GURPS Bestiary is a source book for the GURPS role-playing game system containing information and statistics of animals. It also contains information animal player character templates, and tips for fitting animals into adventures. The first edition was published in 1988.

Contents
The GURPS Bestiary contains over 200 creatures to populate the various worlds of the GURPS universe. The book classifies creatures by terrain type, and deals with normal animals, legendary beasts, and otherworld creatures. The book also contains GM commentaries on handling animal encounters, hunting and trapping, animals as companions, and how to create new animals.

This supplement describes several hundred animals and monsters, mostly organized by habitat (e.g., arctic, desert, forest, jungle, swamp and subterranean) plus dinosaurs, domestic animals, otherworldly creatures, and "loathsome crawlers"; the book also includes rules and guidelines for game-mastering animals, animal companions, and hunting.

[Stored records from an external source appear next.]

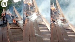 Vândalos queimaram a ponte de madeira na MT-244, que liga as cidades de Rosário do Oeste a Nobres. A estrutura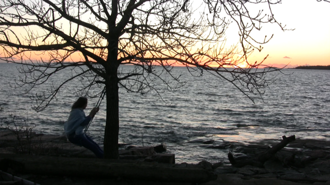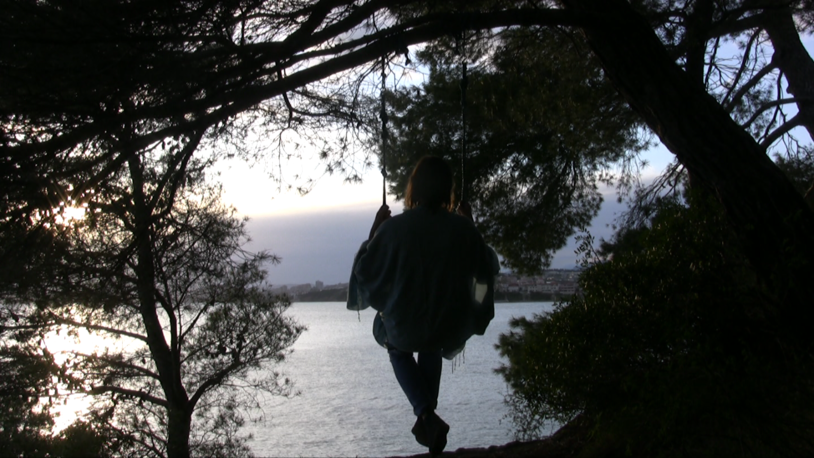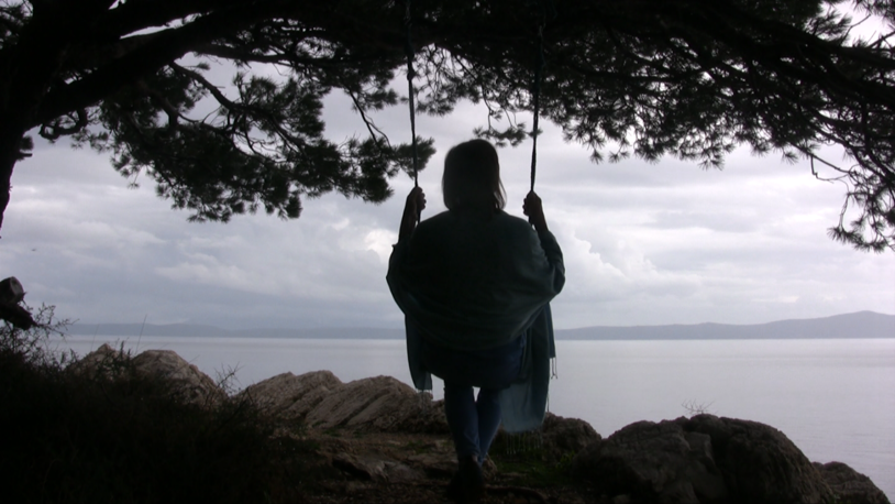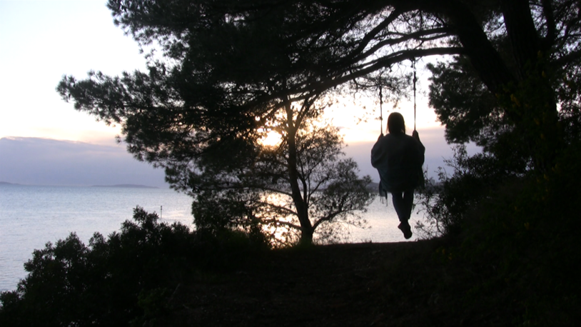 Wrapped in a pale blue scarf I am swinging in a swing attached to trees on the shore in Split one evening in Spring 2013.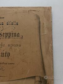 Ricordo matrimoniale originale di fine Ottocento, realizzato intorno al 1891, anno del matrimonio tra Arturo Beck e Giuseppina Gasperini, uniti in matrimonio nella Cattedrale di San Giusto a Trieste.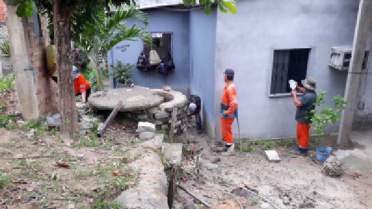 “A situação  é delicada e complexa pelas questões geográficas e a existência de construções irregulares na área, exigindo que todo serviço seja realizado de forma manual. Essa tubulação está comprometida pelo acúmulo de muito lixo doméstico, associado à falta de manutenção. A rede de drenagem não recebia reparos há uns 10 anos, e a caixa coletora estava totalmente destruída. Nossas equipes foram acionadas de forma emergencial e aqui estamos realizando a limpeza, manutenção da rede de drenagem e reconstrução da caixa coletora na área”, explicou Érico.
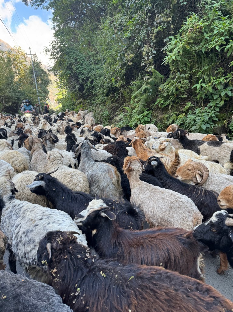 Ici, nos pas croisent un troupeau de chèvres, là des chevaux népalais. C’est dépaysant à souhait. C’est d’ailleurs toujours plus agréable quand nous quittons la piste, un peu trop encombrée de 4*4, motos et camions qui s’effacent dans la poussière.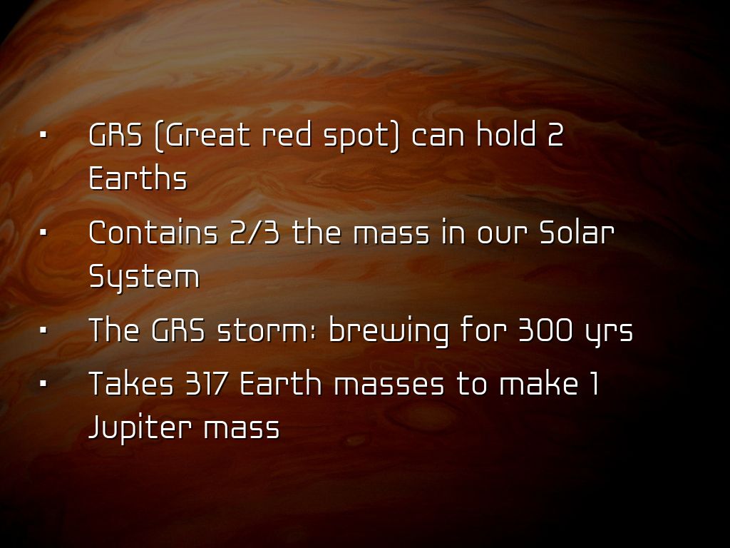 • Takes 317 Earth masses to make 1 Jupiter mass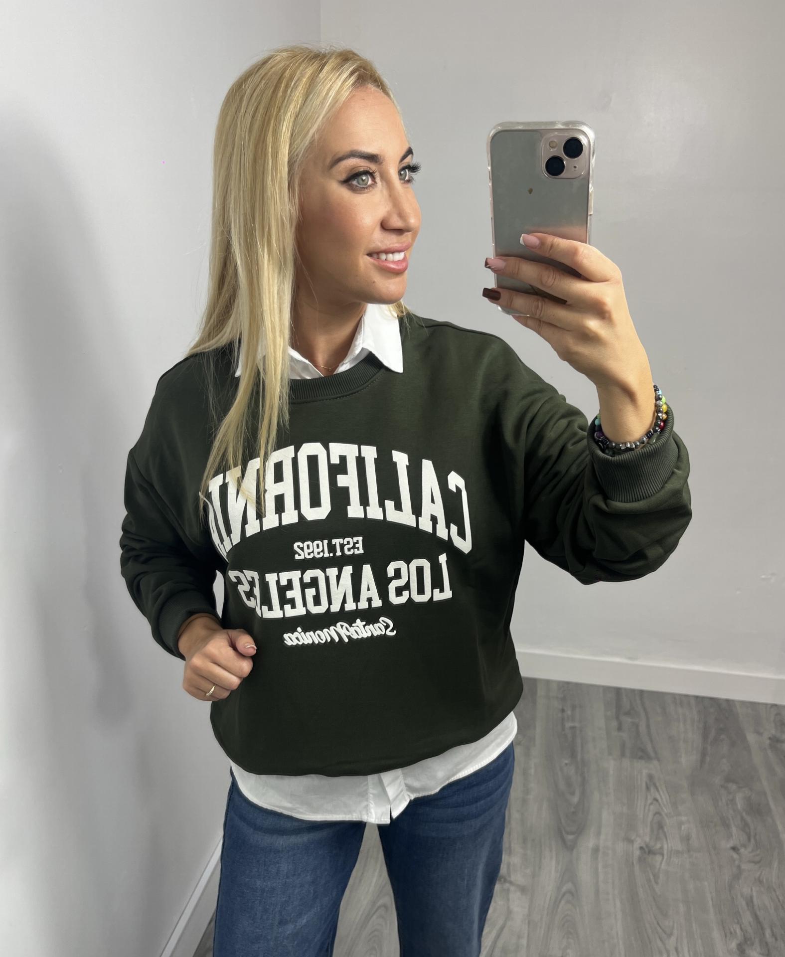 Eleva tu look con nuestra sudadera “California Los Ángeles” en color verde oscuro, una prenda que combina comodidad, estilo y tendencia. Su diseño moderno con estampado frontal universitario aporta un aire sport chic, perfecto para el día a día.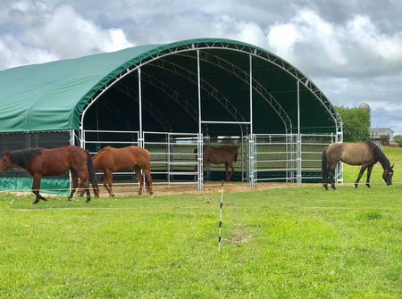 To best suit the natural landscape, the double trussed livestock shelters are available in two colours – grass green and military green.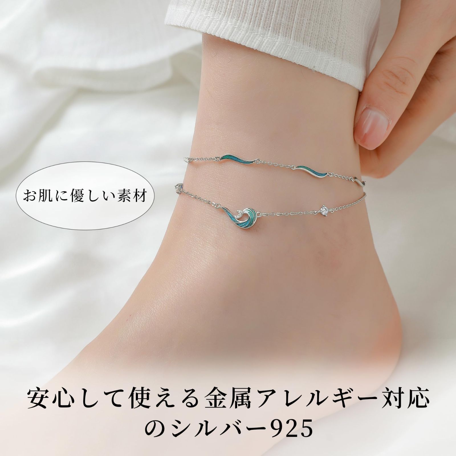 [シルバーサンダー] アンクレット レディース つけっぱなし人気 - シルバー 925 金属アレルギー対応 浪花モチーフ 海風デザイン ホワイトデー/誕生日プレゼント - アクアマリン/モアッサナイト

GURPS Bestiary is a universal sourcebook for GURPS that is intended to be usable in many different settings.

Publication history
The 1st edition of the GURPS Bestiary was written by Steffan O'Sullivan, with a cover by Ken Kelly and illustrations by Dan Carroll, and was first published by Steve Jackson Games in 1988 as a 112-page book.

The 2nd edition of GURPS Bestiary was updated by Chris McCubbin and Bob Schroeck, and had rules for were-creatures that wound up in GURPS Shapeshifters (2003). McCubbin and Schroeck wrote an article in a 1993 issue of Pyramid (a magazine published by Steve Jackson Games), offering extra material for the book.

The current version of GURPS Bestiary is the 3rd edition, which was revised by Hunter Johnson and again featured Ken Kelly's cover art. Released in 2000, this expanded edition is 128 pages in length. Johnson published extra material for the 3rd edition in a 2000 issue of Pyramid. As of August 2014, the 3rd edition of GURPS Bestiary was out of print, and a 4th edition had not yet been released for the 4th edition GURPS RPG system.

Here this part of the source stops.